The dimension reduction method of two-grid Crank–Nicolson mixed finite element solution coefficient vectors for nonlinear fourth-order reaction diffusion equation with temporal fractional derivative

Abstract

Herein, we mainly resort to a proper orthogonal decomposition (POD) to study the dimension reduction of unknown solution coefficient vectors in the two-grid Crank–Nicolson mixed finite element (CNMFE) (TGCNMFE) method for the nonlinear fourth-order reaction diffusion equation with temporal fractional derivative and establish a new reduced-dimension extrapolated TGCNMFE (RDETGCNMFE) method.
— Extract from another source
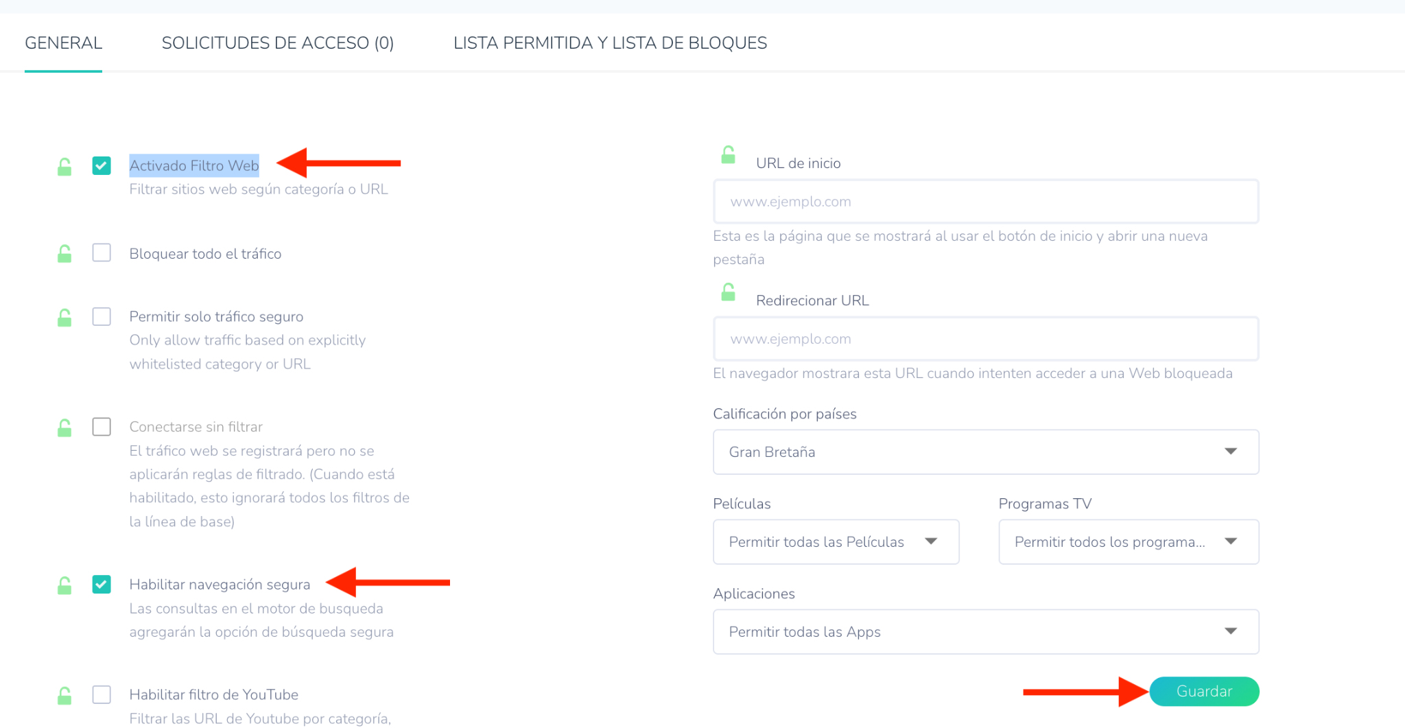 - Cómo configurar el Filtrado web.

For this purpose, we firstly retrospect the TGCNMFE method for the nonlinear fourth-order reaction diffusion equation and provide the existence, unconditional stability, and error estimates of the TGCNMFE solutions. Thereafter, we use the POD method to reduce the dimensionality of the unknown TGCNMFE solution coefficient vectors of the nonlinear fourth-order reaction diffusion equation and develop the new RDETGCNMFE method, and use matrix analysis to analyze the existence, unconditional stability, and errors of the RDETGCNMFE solutions. Finally, we perform numerical experiments to verify our theoretical results and show the advantages of the RDETGCNMFE method. It is worth noting that the RDETGCNMFE method herein is completely distinguished from the existing ones. Hence, the work in this paper is brand-new.